--- EXERCISE DETAILS ---
For the entries below, repeat exactly each line starting with the one that contains "Verona è molto" and going on through the one that contains "Dieses Gutachten (teilegutachten)", and no others.

--- RECORDS PROVIDED ---
☆ ☆ ☆ ☆ ☆ ☆ ☆

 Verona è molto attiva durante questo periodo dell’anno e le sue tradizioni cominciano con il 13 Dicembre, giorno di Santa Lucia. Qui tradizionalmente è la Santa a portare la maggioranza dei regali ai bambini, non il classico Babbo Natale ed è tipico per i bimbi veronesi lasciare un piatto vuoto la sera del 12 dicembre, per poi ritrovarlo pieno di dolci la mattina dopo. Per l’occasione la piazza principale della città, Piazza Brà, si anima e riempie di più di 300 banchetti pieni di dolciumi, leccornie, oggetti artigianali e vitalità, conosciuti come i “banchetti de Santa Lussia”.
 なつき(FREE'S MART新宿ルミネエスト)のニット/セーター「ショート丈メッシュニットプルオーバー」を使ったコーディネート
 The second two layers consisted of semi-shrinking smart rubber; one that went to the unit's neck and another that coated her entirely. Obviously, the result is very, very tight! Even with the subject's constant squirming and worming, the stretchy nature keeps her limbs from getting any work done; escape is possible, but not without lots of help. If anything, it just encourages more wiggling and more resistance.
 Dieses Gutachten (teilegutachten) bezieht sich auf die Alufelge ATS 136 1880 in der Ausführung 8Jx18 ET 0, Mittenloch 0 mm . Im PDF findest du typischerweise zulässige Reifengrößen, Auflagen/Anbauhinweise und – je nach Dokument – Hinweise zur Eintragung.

☆ ☆ ☆ ☆ ☆ ☆ ☆

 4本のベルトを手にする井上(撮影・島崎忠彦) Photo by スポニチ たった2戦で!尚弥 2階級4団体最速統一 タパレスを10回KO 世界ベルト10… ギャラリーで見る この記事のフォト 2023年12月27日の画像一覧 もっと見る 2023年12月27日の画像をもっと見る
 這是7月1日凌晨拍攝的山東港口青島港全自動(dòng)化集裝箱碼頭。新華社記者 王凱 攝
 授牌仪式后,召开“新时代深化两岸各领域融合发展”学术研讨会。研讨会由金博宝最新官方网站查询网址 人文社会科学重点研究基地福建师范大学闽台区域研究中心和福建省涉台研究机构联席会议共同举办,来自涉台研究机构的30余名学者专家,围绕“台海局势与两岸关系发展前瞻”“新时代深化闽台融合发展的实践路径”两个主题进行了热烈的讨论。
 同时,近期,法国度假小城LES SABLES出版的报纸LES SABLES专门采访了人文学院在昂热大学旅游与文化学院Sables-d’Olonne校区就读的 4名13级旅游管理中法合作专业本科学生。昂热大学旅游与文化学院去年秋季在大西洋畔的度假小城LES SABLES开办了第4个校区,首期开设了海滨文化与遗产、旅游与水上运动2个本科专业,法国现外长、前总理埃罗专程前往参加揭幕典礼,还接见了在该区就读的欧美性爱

☆ ☆ ☆ ☆ ☆ ☆ ☆

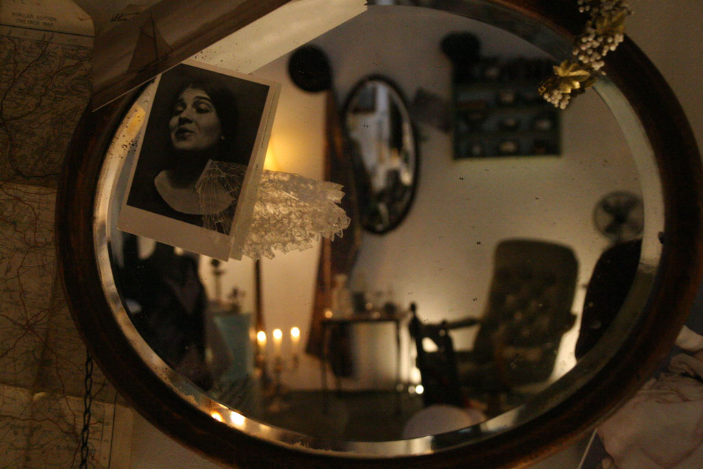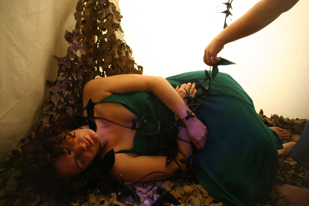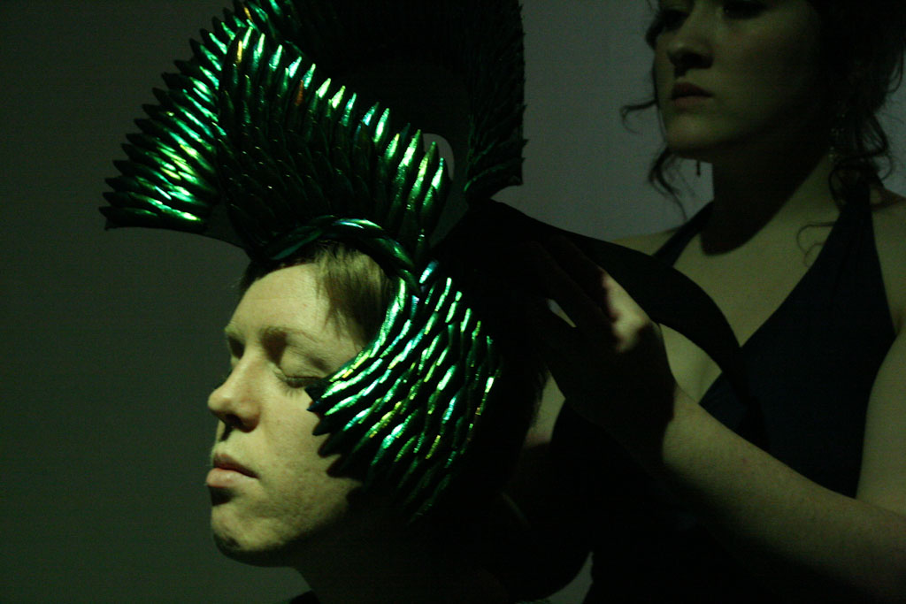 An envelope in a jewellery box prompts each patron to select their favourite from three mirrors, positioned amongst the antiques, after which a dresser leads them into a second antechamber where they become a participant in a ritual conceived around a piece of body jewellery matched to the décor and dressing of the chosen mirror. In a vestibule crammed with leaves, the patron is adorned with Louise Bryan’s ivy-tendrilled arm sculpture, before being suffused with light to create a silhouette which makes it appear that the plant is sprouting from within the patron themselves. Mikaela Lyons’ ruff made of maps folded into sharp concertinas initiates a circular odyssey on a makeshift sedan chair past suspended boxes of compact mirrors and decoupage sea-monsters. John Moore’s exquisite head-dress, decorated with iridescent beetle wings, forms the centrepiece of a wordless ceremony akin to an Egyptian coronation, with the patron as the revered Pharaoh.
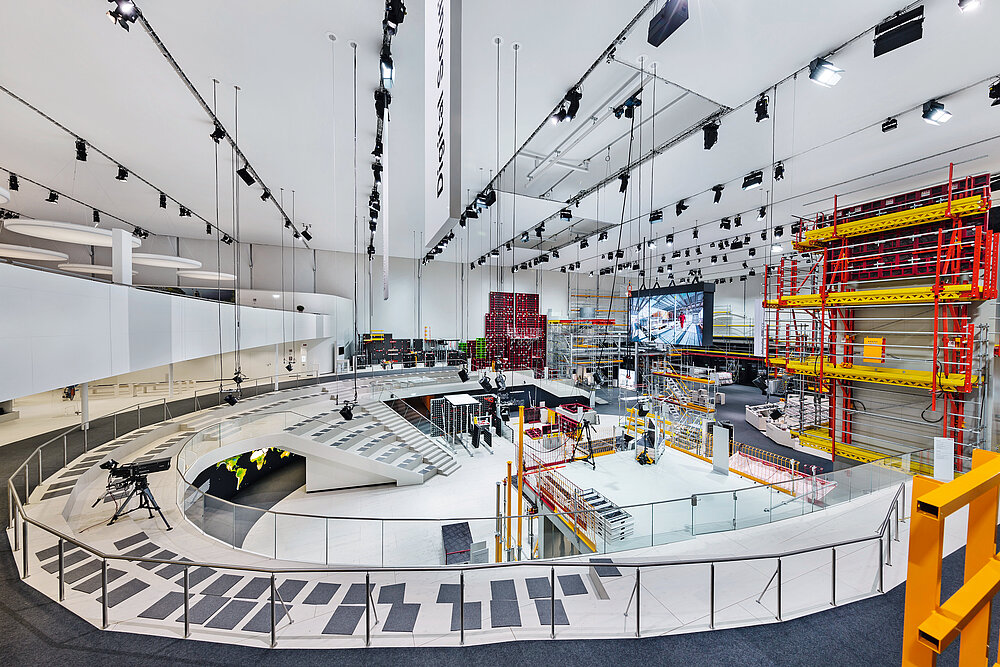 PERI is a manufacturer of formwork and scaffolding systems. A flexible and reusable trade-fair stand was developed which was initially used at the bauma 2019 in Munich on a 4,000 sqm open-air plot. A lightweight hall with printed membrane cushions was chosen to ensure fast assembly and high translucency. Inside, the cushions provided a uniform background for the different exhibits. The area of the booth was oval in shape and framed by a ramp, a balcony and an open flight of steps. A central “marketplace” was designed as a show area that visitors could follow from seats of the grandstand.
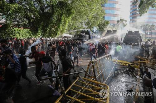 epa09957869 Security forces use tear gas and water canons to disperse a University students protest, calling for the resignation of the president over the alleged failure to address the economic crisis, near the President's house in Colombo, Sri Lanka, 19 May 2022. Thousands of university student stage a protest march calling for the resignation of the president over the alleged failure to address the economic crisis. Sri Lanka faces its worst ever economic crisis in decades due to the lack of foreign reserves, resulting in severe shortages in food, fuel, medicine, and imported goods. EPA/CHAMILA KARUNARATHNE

☆ ☆ ☆ ☆ ☆ ☆ ☆

--- OUTPUT OF THE EXERCISE ---
 Verona è molto attiva durante questo periodo dell’anno e le sue tradizioni cominciano con il 13 Dicembre, giorno di Santa Lucia. Qui tradizionalmente è la Santa a portare la maggioranza dei regali ai bambini, non il classico Babbo Natale ed è tipico per i bimbi veronesi lasciare un piatto vuoto la sera del 12 dicembre, per poi ritrovarlo pieno di dolci la mattina dopo. Per l’occasione la piazza principale della città, Piazza Brà, si anima e riempie di più di 300 banchetti pieni di dolciumi, leccornie, oggetti artigianali e vitalità, conosciuti come i “banchetti de Santa Lussia”.
 なつき(FREE'S MART新宿ルミネエスト)のニット/セーター「ショート丈メッシュニットプルオーバー」を使ったコーディネート
 The second two layers consisted of semi-shrinking smart rubber; one that went to the unit's neck and another that coated her entirely. Obviously, the result is very, very tight! Even with the subject's constant squirming and worming, the stretchy nature keeps her limbs from getting any work done; escape is possible, but not without lots of help. If anything, it just encourages more wiggling and more resistance.
 Dieses Gutachten (teilegutachten) bezieht sich auf die Alufelge ATS 136 1880 in der Ausführung 8Jx18 ET 0, Mittenloch 0 mm . Im PDF findest du typischerweise zulässige Reifengrößen, Auflagen/Anbauhinweise und – je nach Dokument – Hinweise zur Eintragung.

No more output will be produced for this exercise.